In 2019, at the behest of Choctaw Chief Gary Batton, Lambert began investigating the connection between a federally owned munitions plant in McAlester, Oklahoma, and the high cancer rate among the town’s American Indian residents. Lambert gathered data on the plant, visited the site, and interviewed Choctaw residents. She presented her initial findings — which she plans to expand into her senior thesis research at Princeton — at the American Indian Science and Engineering Society (AISES) national conference and had a paper accepted in the American Indian Culture and Research Journal.

On campus, Lambert is co-founder and co-leader of the Indigeneity at Princeton Task Force within the Undergraduate Student Government (USG). The group works to spur the creation of an Indigenous studies certificate, increase recruitment in Indigenous communities, and formalize a procedure in which the University recognizes its campus as former territory of the Leni Lenape tribe. She also is a member and co-president of Natives at Princeton student group.
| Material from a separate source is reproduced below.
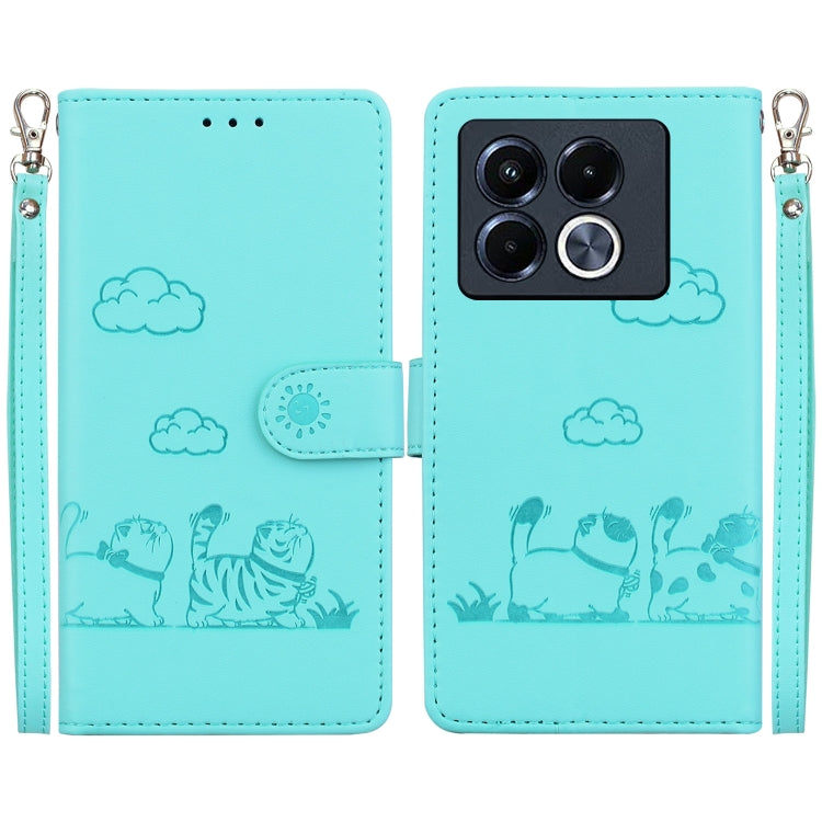 Funda de Cuero Rfid para Infinix Note 40 5G con Diseño de Gatos (Verde)

“I am overjoyed by the Udall Foundation’s support of me in my fight to achieve environmental justice for my people,” Lambert said. “The current levels of pollution and contamination of our homelands are beyond unacceptable. To create a brighter future, we are in great need of intensive environmental remediation, tribal environmental protection laws, and improved medical treatment.” 

Claire Wayner, Class of 2022

Wayner, who is advised by Ian Bourg, assistant professor of civil and environmental engineering and the Princeton Environmental Institute, considers climate change to be her generation’s greatest challenge and hopes to work in or with the federal government to decarbonize the global energy supply.

Last year, Wayner was a PICS intern at the Federal Energy Regulatory Commission (FERC) where she helped write legal briefs on the climate impact of natural gas pipelines and hydroelectric plants, as well as a 27-page paper on a policy approach to pricing carbon. This summer, she will study policy avenues for battery storage in South Asia at the National Renewable Energy Laboratory (NREL) through Princeton’s Scholars in the Nation’s Service Initiative.

On campus, Wayner actively works to reduce the University’s environmental footprint. She is president of the Princeton Student Climate Initiative where she spearheaded a student referendum to accelerate the University’s path to carbon neutrality, and met with University administrators to help implement the referendum. She later established a permanent USG sustainability committee. As an EcoRep through the Office of Sustainability, Wayner advises event organizers across campus on reducing waste and, as a PEI summer intern in 2019, volunteered with Princeton’s Engineers Without Borders-Peru team to complete a gravity-fed water system for the village of Pusunchás.

Wayner’s interest in environmental policy started as a high school student when she co-founded the non-profit group Baltimore Beyond Plastic, which grew to more than 300 members and succeeded in getting bans on Styrofaom passed in Baltimore and Maryland. She shared a 2018 Barron Prize for Young Heroes for her work.

“Receiving the Udall scholarship is a true honor, and I am grateful to all of those who have supported and mentored me along the way,” Wayner said. “I am looking forward to expanding on the environmental work that I’ve done thus far by continuing to study and advocate for a net-zero carbon future.”